With an identical generation model for both discovery trait and T1, our simulation results reveal that PRS explain on average 32% variance of T1. Thus, out of a total of 80% trait heritability for T1, 40% of heritability is explained by the PRS. For a trait heritability of 80% with 99.99% null markers (nc = 1000/1000000) in the model, previous simulation studies [1] demonstrated that a sample size of n = 31,000 is needed to achieve the maximum R2 ~80% for both target and discovery trait. Thus, this number is sufficiently large to shrink observed effect sizes for a sufficient proportion of null markers below noise level. Our discovery trait exceeds the required sample size, i.e., 34,000. However, in the situation of difficult-to-phenotype our target trait sample sizes are necessarily much smaller (n = 200, 500, 1000). As the set of causal markers is also identical between the discovery trait and T1, we can even speak of a common genetic etiology in this sense or it may be assumed as the same trait for both discovery and target sample. Although it is not possible to separate the PRSs estimated on multiple p-value thresholds for the causal and non-causal set of markers, it is essentially a sum of two PRSs i.e., PRS = Pcausal + Pnon-causal; here Pcausal is the PRS estimated using causal markers and Pnon-causal is the PRS estimated using non-causal markers. Thus, adding non-causal SNPs in the PRS will lead to a substantial increase in mean squared error of the regression model and thus decrease the R2 estimate. Employing the same phenotype generation model both for discovery and T1, the population correlation between them is equal to one, and given 80% heritability, the maximum correlation between PRS and T1 should be r = 0.89. In the target sample, the exact empirical correlation between T1 with the discovery trait is unknown, whereas the correlation between T1 and PRS is estimated on average as r == 0.56.

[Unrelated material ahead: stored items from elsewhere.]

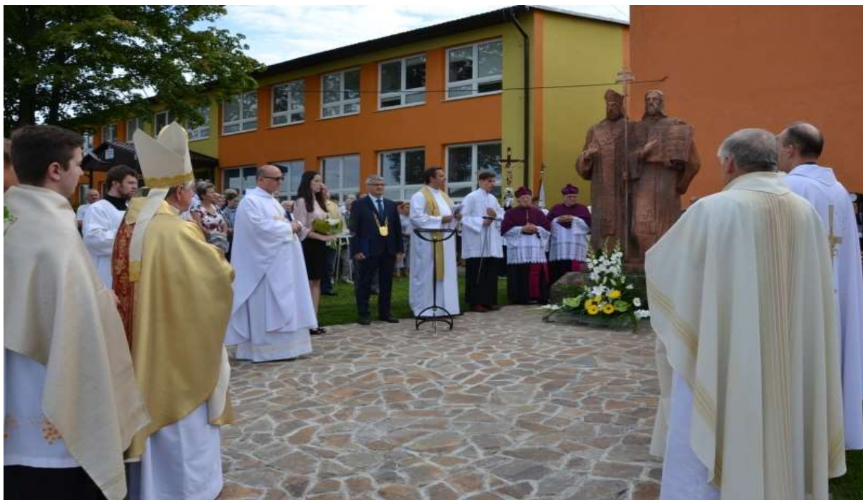
Posviacka súsošia sv. Cyrila a Metoda

Kapušíanske hradné leto sa uskutočnilo počas letných prázdnin na Kapušíanskom hrade. Dňa 24. júna 2018 sme hradné leto otvorili podujatím, na ktorom predviedli svoje umenie šarišskí šermiari SARUS, tanečnice historického a orientálneho tanca Fatima a herci divadla Na doske. Sprievodnými akciami boli tvorivé dielne pre deti, lukostreľba, Divadlo z kuchyne.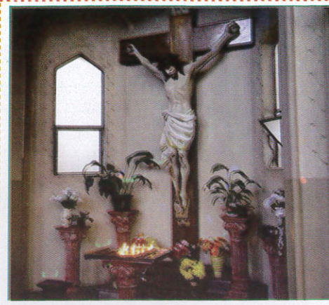
சுலீலே Church கிறிஸ்தவ தேவாலயம் (கூகிவலி டேவாலயம்)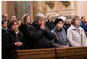
Uroczystości w Miechowie i Siedliskach.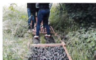
Parcours PIEDS NUS : accès libre

Accueil de groupes, centre de loisirs/aérés, IME, asso ... en journée Juillet ( complet ) et Aout sur réservation (activités nature, rando bocage avec guide)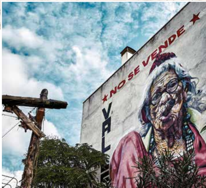
▲ El mural de arte urbano, situado en el Parque Vecinal Sputnik Vallecas. N. GOYTRE

un caos que se me antoja hermoso», dice el fotógrafo.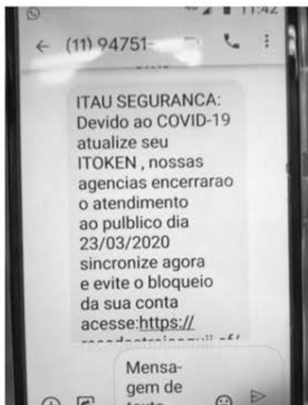
Figura 2. Notificação de golpe bancário recebida pelo Eu Fiscalizo entre 17 de março e 10 de abril.

Este texto apresentou a primeira etapa de uma pesquisa sobre fake news , para compreender a as-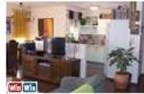
עם מרפסת וחניה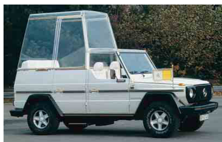
Papamobil z roku 1980 (Mercedes-Benz 230 G)

Možná jste už viděli v televizi nebo víte, že papež Jan Pavel II. se mezi shromážděnými věřícími projížděl ve zvláštním automobilu – tzv. „papamobilu“ („papa“ je italsky papež). Dodávání těchto aut je odjakživa výsadou firmy Mercedes-Benz. První papamobil dostal již papež Pius XI. v roce 1930 – dnes ho můžete vidět ve vatikánském muzeu, stejně jako všechny pozdější. (Teprve Jan Pavel II. však začal papamobil používat pro setkání s věřícími; dříve byli papeži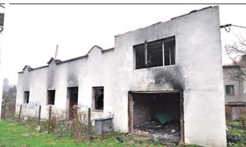
Na seznam neudržovaných staveb nově přibyl také vyhořelý dům ve Skřečoni.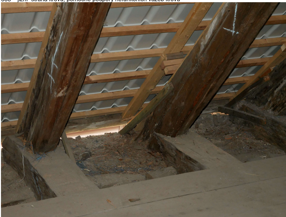
339 – jižní strana krovu, detail poškození vazných trámů, pozednice, krokvi i námětků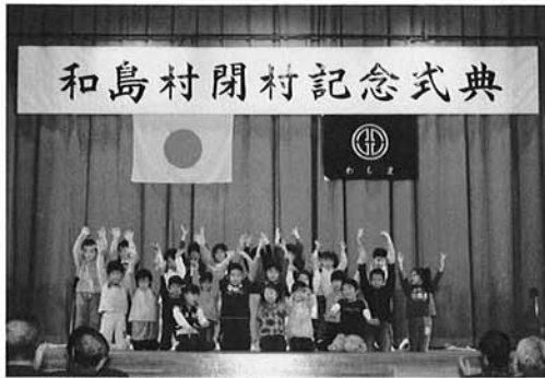
▲幼稚園児によるアトラクション

最後に「わしま」の文字をイメージした村旗が後納され厳かに和島村の歴史に幕が降ろされました。和島村は平成18年1月1日より長岡市の一員として、また新たな歴史を歩みはじめます。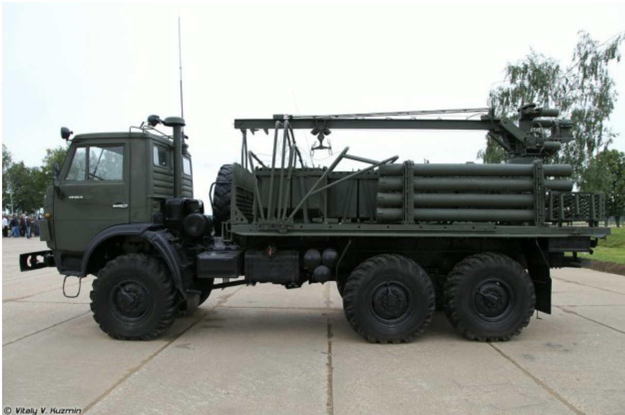
Pojazd transportowo-załadowczy 2F77

Kompleks obrony powietrznej Tunguska-M obejmuje wóz bojowy 2S6, wóz załadunkowy, zautomatyzowaną stację kontrolno-badawczą, a także zaplecze obsługowo-naprawcze.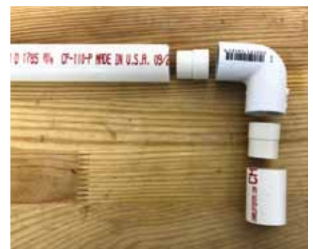
Verbinden von Rohrstücken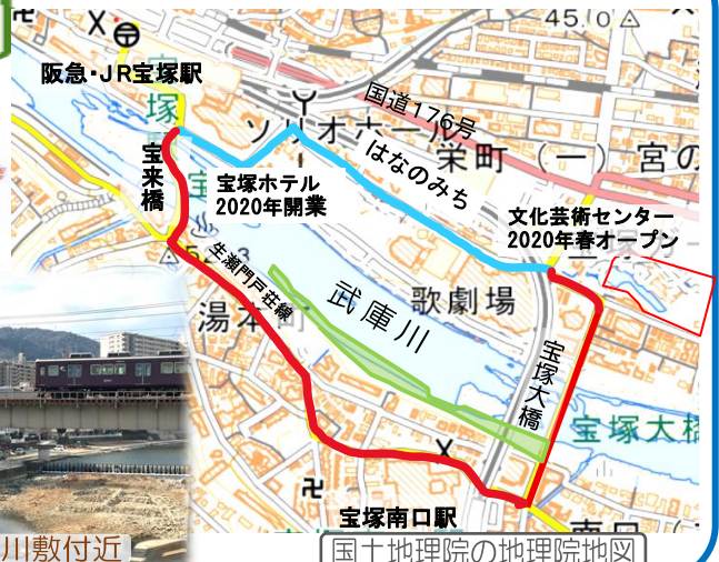
国土地理院の地理院地図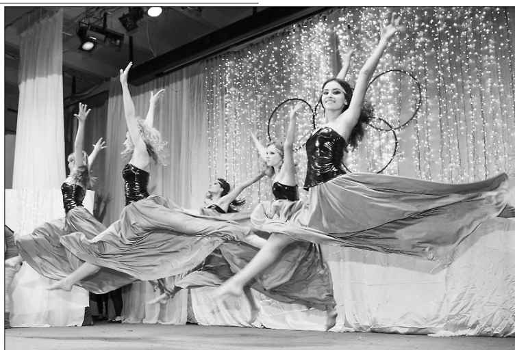
■ Экспрессия танца

Шум и крик стоял дикий, хотя хлопали люди не так активно. Зато оказалась полезной неумная энергия некоторых гостей. Во время выступления у одной из команд случайно пропал звук. Проблему решили простым способом: танцоры продолжили свое дело, пока благодарные зрители хлопали и отбивали примерный ритм. Пауза закрылась, а течение шоу не было нарушено.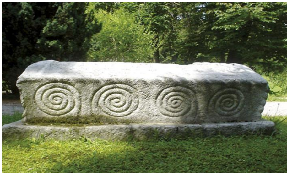
Sl. 3. primjer sanduka na "dvije vode"

sanduci sa dva sahranjena lica koji se mogu prepoznati prema uzdužnoj vrpici sredinom spomenika. (Bešlagić, 2004).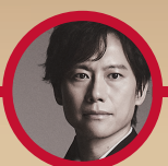
藤原道山 尺八演奏家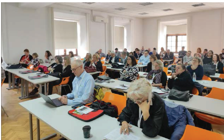
Prilog 2. Učesnici skupa „9. dani ICARUS Hrvatska“.

Organizatori su osmislili bogat trodnevni program u kojemu je sudjelovalo oko 140 izlagača. Njihove teme obuhvaćale su područja kulturnih i kreativnih industrija, uključujući arhive, knjižnice, muzeje, novine i topoteke, kao i rasprave o razvoju publike, digitalizaciji, medijima, migracijama i obrazovanju. Na skupu su predstavljeni međunarodni projekti i inicijative usmjerene na istraživanje kreativnih mogućnosti te suradničke pristupe u komunikaciji kulturne i povijesne baštine, s posebnim naglaskom na program Kreativne Europe, razvoj publike i primjenu digitalnih alata u baštinskim institucijama.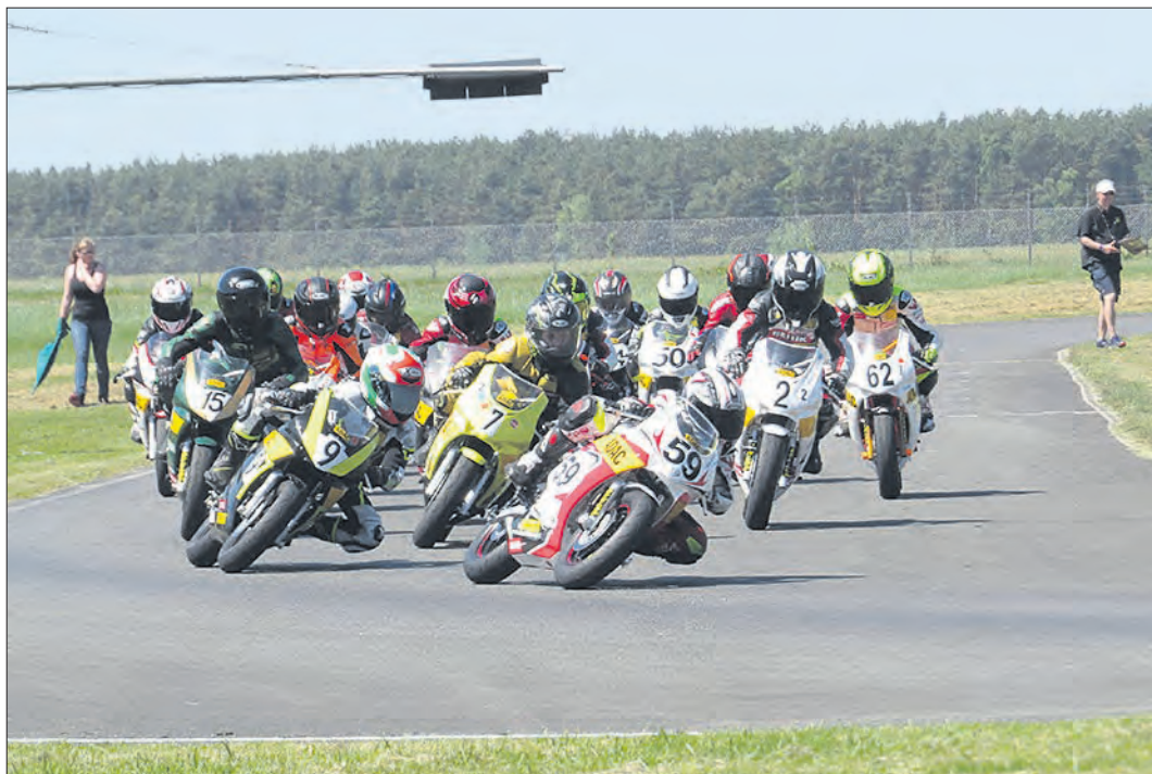
32 Fahrerinnen und Fahrer aus fünf Nationen liefern sich am 11. und 12. Mai in Faßberg spannende Rennen.

Insgesamt 20 Fahrerinnen und Fahrer hatten sich Anfang des Jahres in die Nennliste eingetragen. Startberechtigt sind die Jahrgänge 2008 bis 2012. Die Veranstaltung beginnt am Freitag mit dem „Freien Training“. Am Samstag gibt es zunächst freie Trainingsstunden und Zeittrainings, bevor am Nachmittag die einzelnen Wertungsläufe gestar-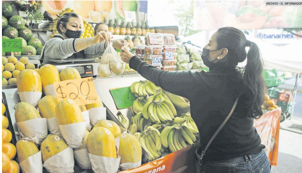
CANASTA BÁSICA. A pesar de los constantes incrementos en los precios de los productos básicos se mantuvo el consumo.

Los mexicanos siguen con buen ritmo de compras a pesar del alza en los precios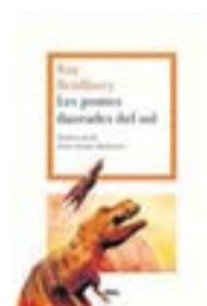
LES POMES DAURADES DEL SOL RAY BRADBURY RBA-LA MAGRANA TRAD. DE LLUÍS-ANTON BAULENAS 448 PÀG./21 €

Això no vol dir, de tota manera, que el tema de l'espai sigui explorat amb una mirada unívocament mitificadora. Al contrari, Bradbury ens el mostra des de tots els angles: el de l'aventura i la glòria -"El coet feia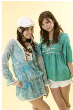
「ワンウェイ/バイバイ」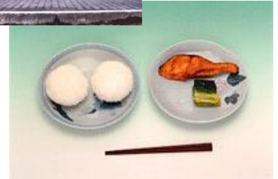
明治22年 当時の給食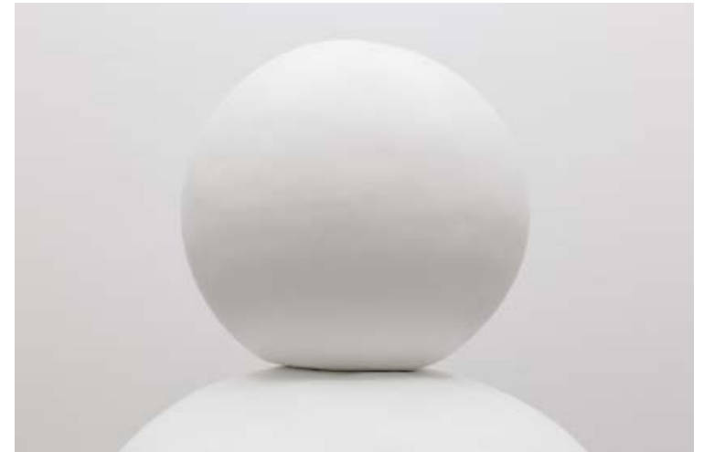
Um boneco de neve não pertence a ninguém (a snowman belongs to no one), 2014 Ferro pintado, cenoura Painted iron, carrot 35 × 25 × 9 cm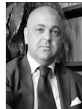
I. La Candia

Pirola Pennuto Zei & Associati studio di consulenza tributaria e legale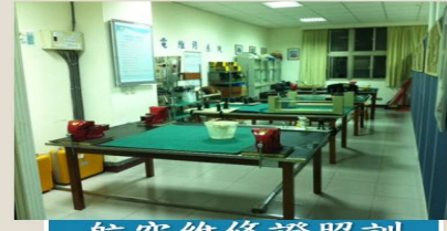
航空維修證照訓練教室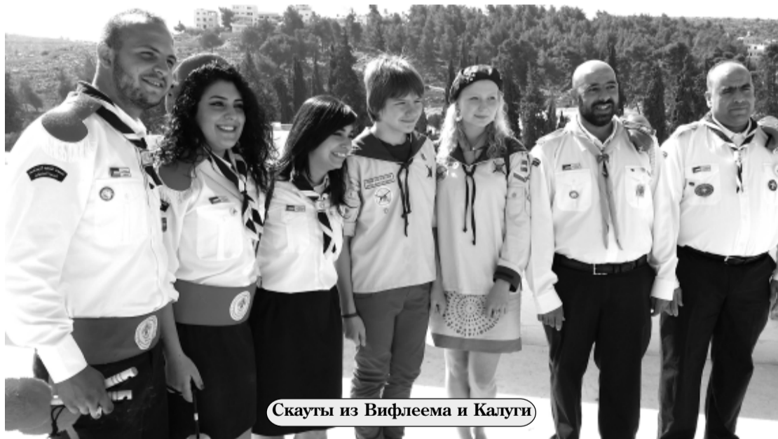
Скауты из Вифлеема и Калуги

дарство Израиль, королевство Иордания и Палестинская автономия, от которой Израиль отгорожен восьми-метровой стеной, поскольку не признаёт её. Эта стена в одночасье может передвинуться дальше на территорию Палестины – почему и возникают ответные реакции у Палестины. А они именно ответные!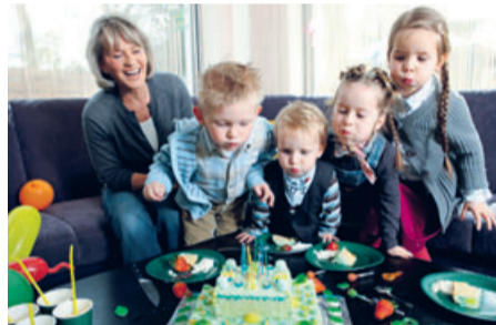
Ob Tortenschlacht oder Fiffies Heimkehr aus dem Park – schnell ist ein Fleck auf dem Sofa. Dank Hightechfasern ist er auch genau so schnell wieder weg.

Mit Mineralwasser gegen Kugelschreiber Wenn das Leben zu Hause also auf einem solch verlockend gemütlichen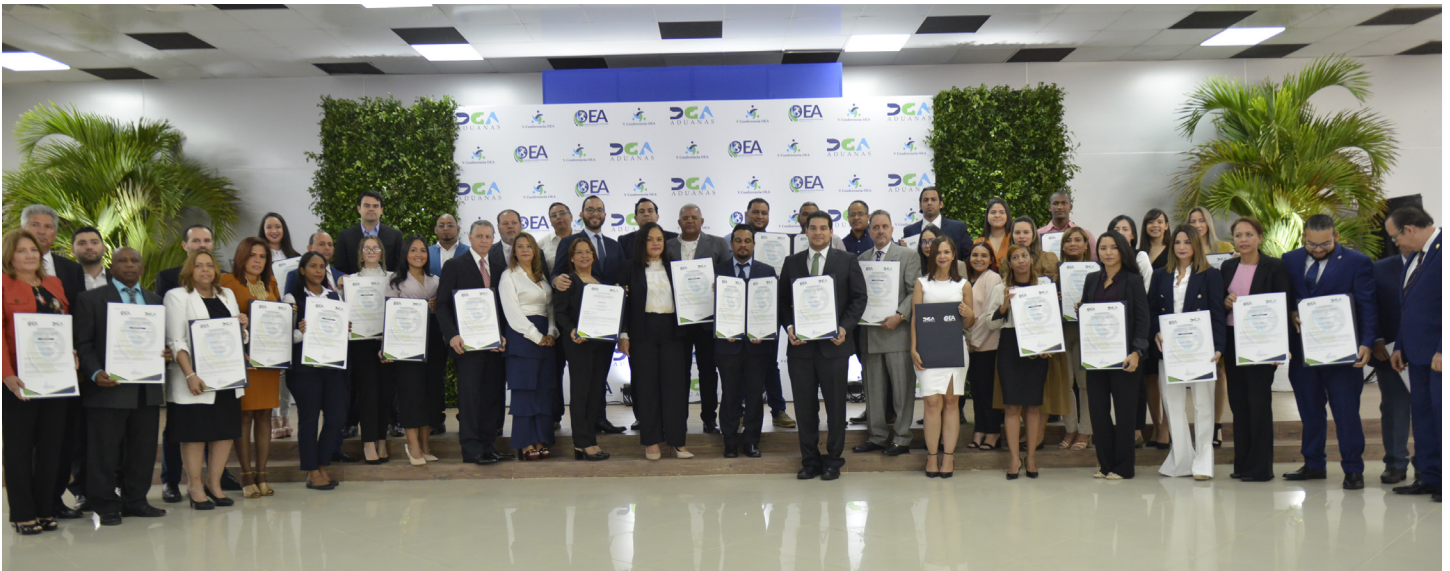
En el marco de la V Conferencia del Operador Económico Autorizado, unas 21 empresas recibieron su certificado que la acreditan como OEA.

que representan un avance para el comercio en el país, y aporta a la meta de convertir a República Dominicana en el Hub logístico de la región.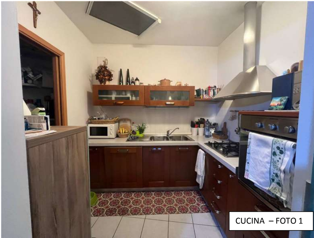
CUCINA – FOTO 1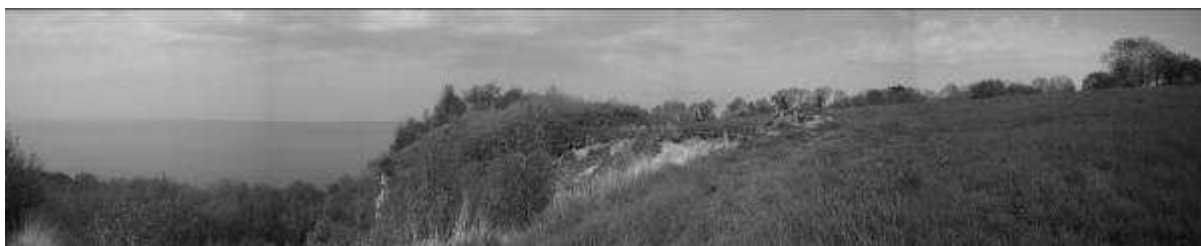
La grande falaise

Je propose deux lieux pour ces séquences : un grande et une petite prairie au bord d'une falaise. Il s'agit de la portion de côte appelée « la falaise des vaches noires », près de Villiers sur Mer.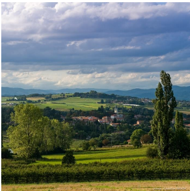
Point de vue sur la silhouette du bourg et son écran verdoyant à préserver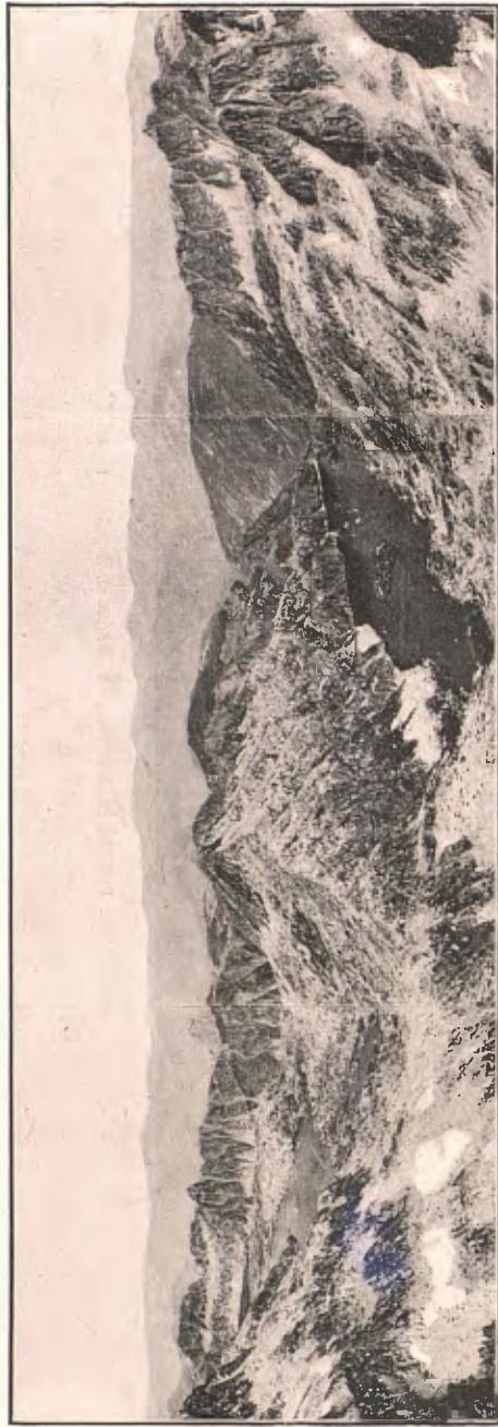
PANORÀMICA DES DEL PIC DE BICIBERRI. ESTANYS DE RIUS I DE MAR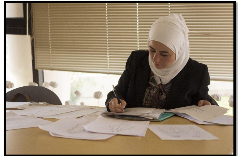
Une réfugiée syrienne qui a bénéficié de l'appui de l'AMAPPE

1 seule personne forcée à fuir c'est déjà trop.

For the correlated traits T2–T4, the mean R2 roughly decreases by the square of the correlation between T1 and the corresponding trait. Thus, from T1 (R2 = 0.32), the mean R2 estimates decrease for T2 to R2 = 0.82 × 0.32 = 0.21, for T3 to R2 = 0.62 × 0.32 = 0.12, and for T4 to R2 = 0.42 × 0.32 = 0.05. This gradual decrease in mean R2 estimates from T1 to T4 corresponds well with decreasing empirical correlation among target traits. However, the range of R2 increases with decreasing sample size, more outliers appearing with smaller sample sizes. Similar to T1 for correlated traits, the average R2 estimates remains stable across all sample sizes.

PsyCourse Data

In the PsyCourse data with GAF as an outcome, we also dealt with different sample sizes, as we considered all patients and stratified analyses by the two diagnostic subgroups. When adjusting for age, gender, and 5PCs, SZ-PRS (M2) does not contribute much to the variance of GAF. GAF and PANSS are negatively correlated with each other approximately r = −0.40 [17], and a similar estimates in our data. Thus, a regression model (M3) including confounders and PANSS for acute symptoms explains a much greater proportion of the variance in GAF. Beyond PANSS and confounders, SZ-PRS explains 1% additional variance (M4). This holds true for all patients and in the diagnostic groups. Note that, despite a small R2, the regression model M2 including SZ-PRS and confounders was significant for all patients and the larger psychotic group and not significant for the smaller affective group. It is thus hard to argue that the GAF score reflects symptom severity in the psychotic group only.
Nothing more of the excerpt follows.